Gynecologic extrapulmonary SCNECs most commonly arise in the cervix, and SCNECs of the uterine cervix comprise less than 3 % of cervical cancers (Cohen et al. 2010). SCNECs of the uterine cervix are highly aggressive with extensive local invasion and distant metastases. Most small cell carcinomas of the uterine cervix exhibit neuroendocrine differentiation and ultrastructural examination may be considered the most reliable method for confirming this feature (Ishida et al. 2004). HPV has been detected in more than 90 % of SCNEC tumors through PCR sequencing analysis (Wang and Lu 2004; Horn et al. 2006; Masumoto et al. 2003; Ishida et al. 2004). Many studies have shown that SCNECs that express the HPV oncoproteins E6 and E7 have high levels of p16 (Wang and Lu 2004; Horn et al. 2006; Masumoto et al. 2003). In general, all SCNECs tend to be locally aggressive and have a strong propensity for both regional and distant metastases (Renner 2007).

The diagnosis of SCNEC requires immunohistochemical or ultrastructural studies.

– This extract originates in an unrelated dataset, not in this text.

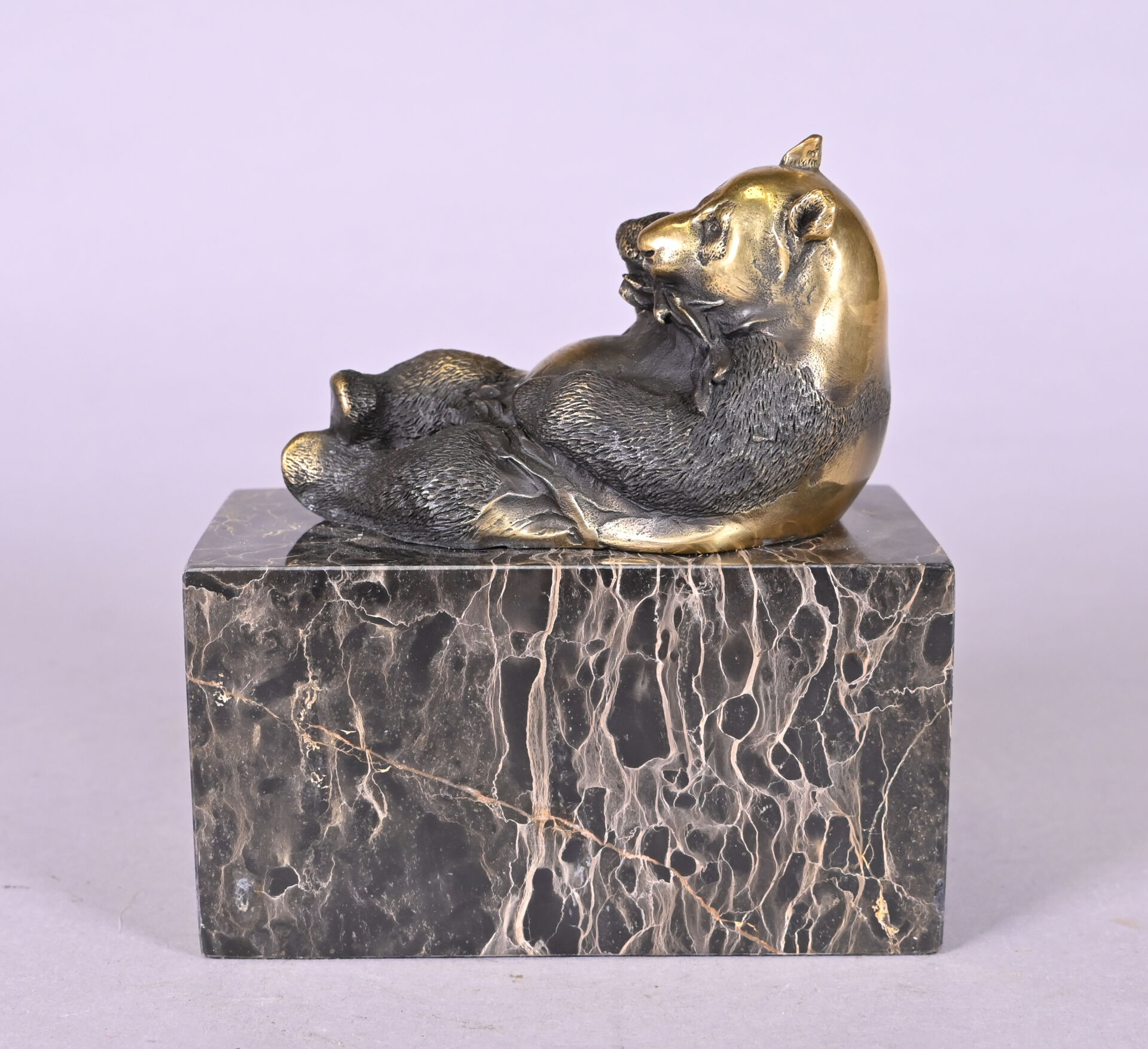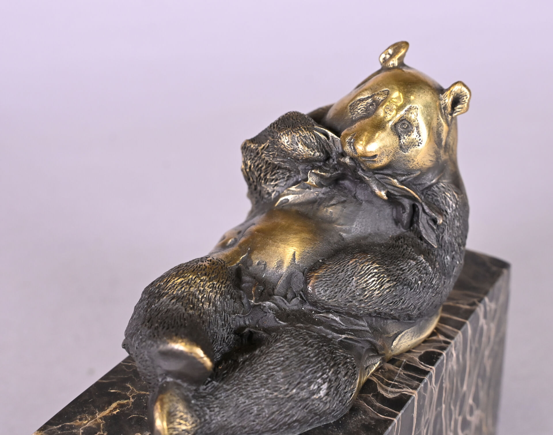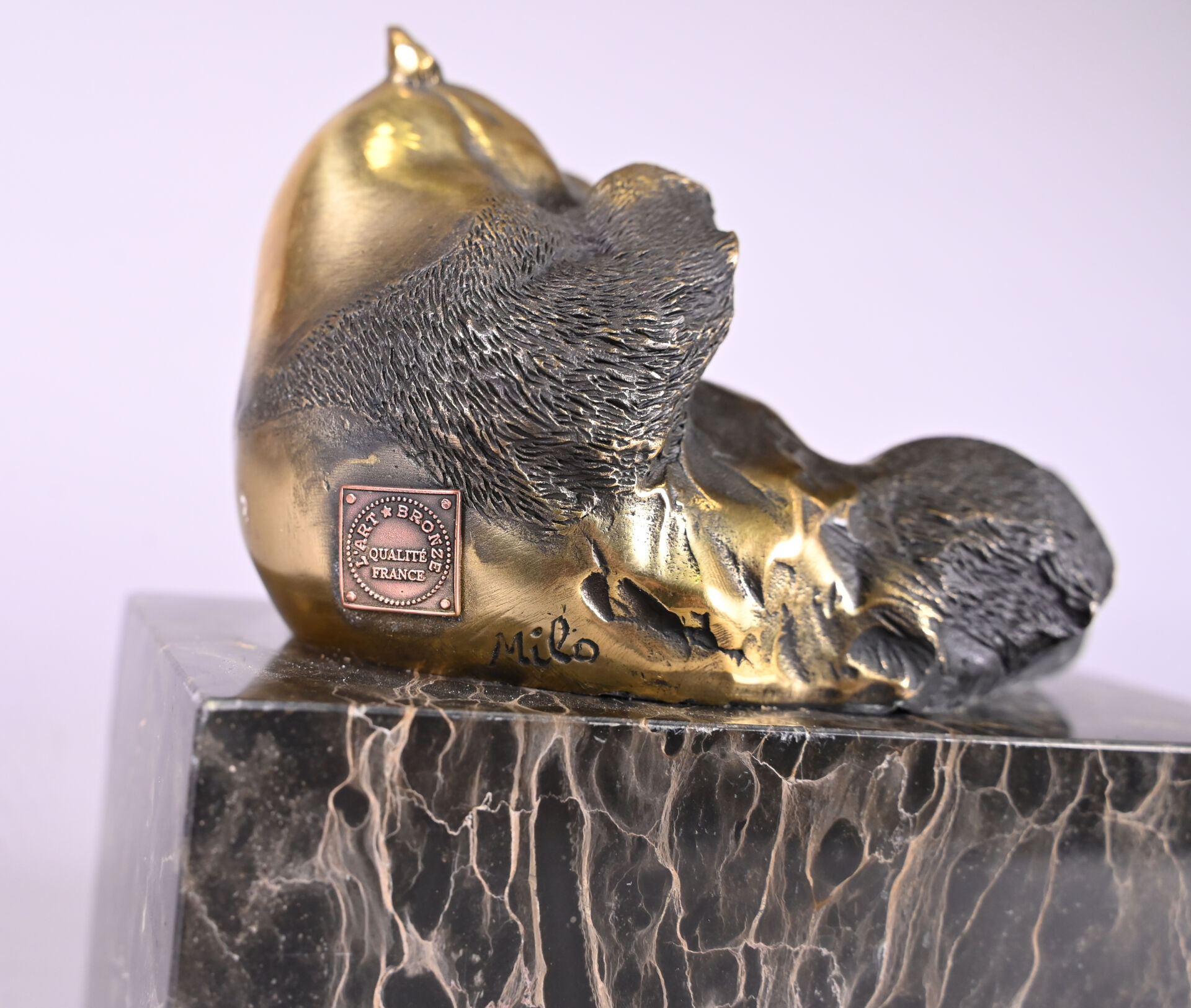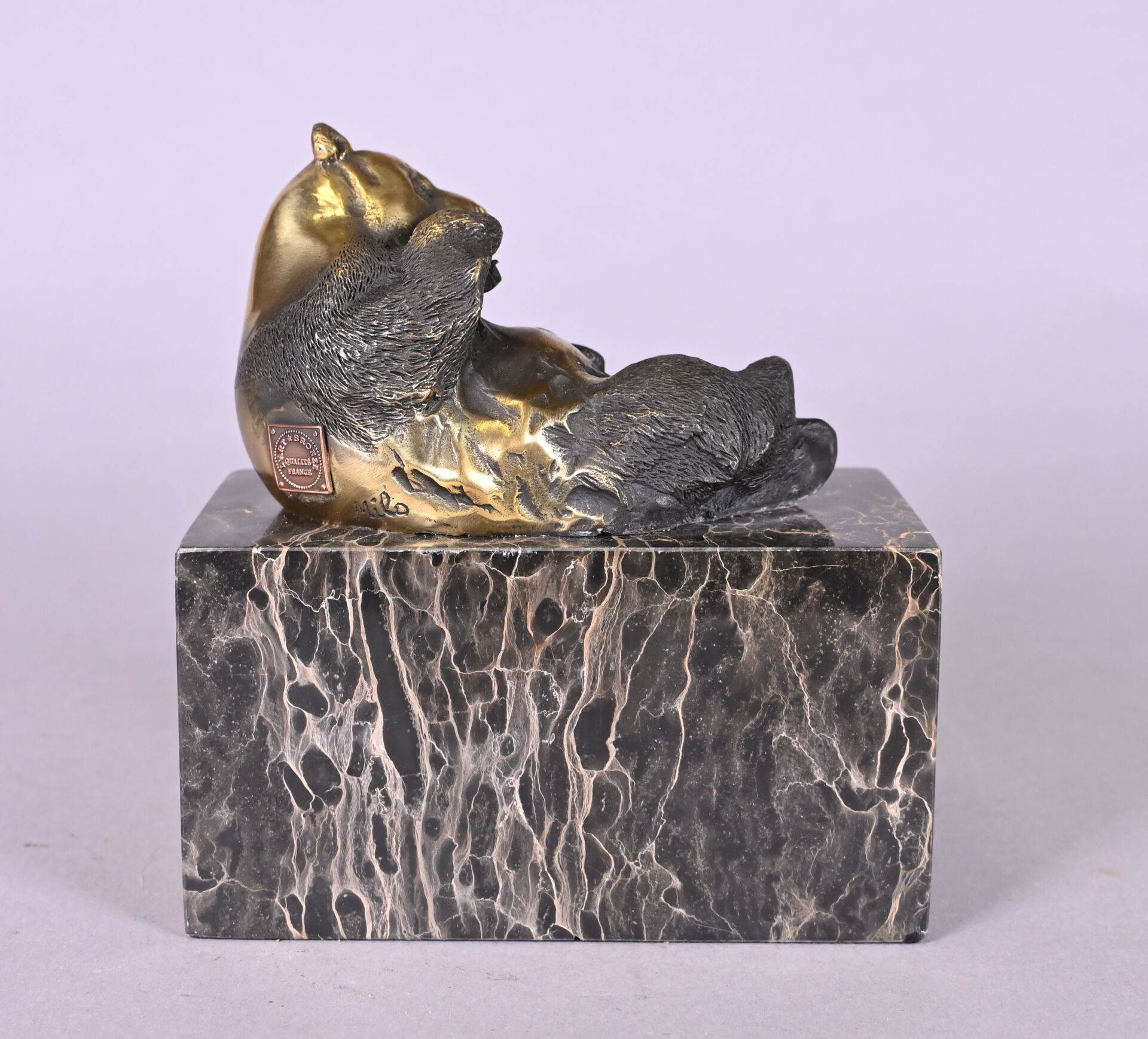MILO (XXe siècle). Panda en bronze patiné brun. Signé à la base et cachet. Socle de marbre portor. Haut. : 14 cm.

With routine hematoxylin and eosin staining, SCNEC exhibits morphology similar to that of nonkeratinizing SqCC. A case with a histopathologic finding of small round cells with scant cytoplasm should be evaluated for synaptophysin, chromogranin A, and CD56 expression, followed by ultrastructural analysis to detect neurosecretory granules in the tumor cells (Mineta et al. 2001). Recently, Alos et al. reported an inverse association between p16 expression and expression of Rb and cyclin D1 in SCNEC. The most prevalent phenotype was high p16-positive/Rb-low or -negative/cyclin D1-low or -negative expression (14/19, 73.7 %). Thus, patchy p16 positivity/strong Rb nuclear staining/strong cyclin D1 nuclear staining was observed in 5/19 cases (26.3 %) (Alos et al. 2016).

Owing to the rarity of these tumors, recommendations for the management of SCNEC of the oropharynx have not been established (Barbeaux et al. 2006). Most patients die within 2 years of diagnosis, despite being treated with adjuvant radiation and chemotherapy (Aggarwal et al. 2010). On the basis of comparative treatments for SCNEC of the larynx and lungs, various modalities have been indicated for patients with SCNEC of the oropharynx (Jaiswal and Hoang 2004).

In conclusion, SCNEC of the oropharynx is extremely rare and highly aggressive, with a poor prognosis. Herein, we present two cases of SCNEC, focusing on its histologic features and treatment modalities. More studies are required to elucidate the pathophysiology of HPV-associated SCNEC in different organ systems.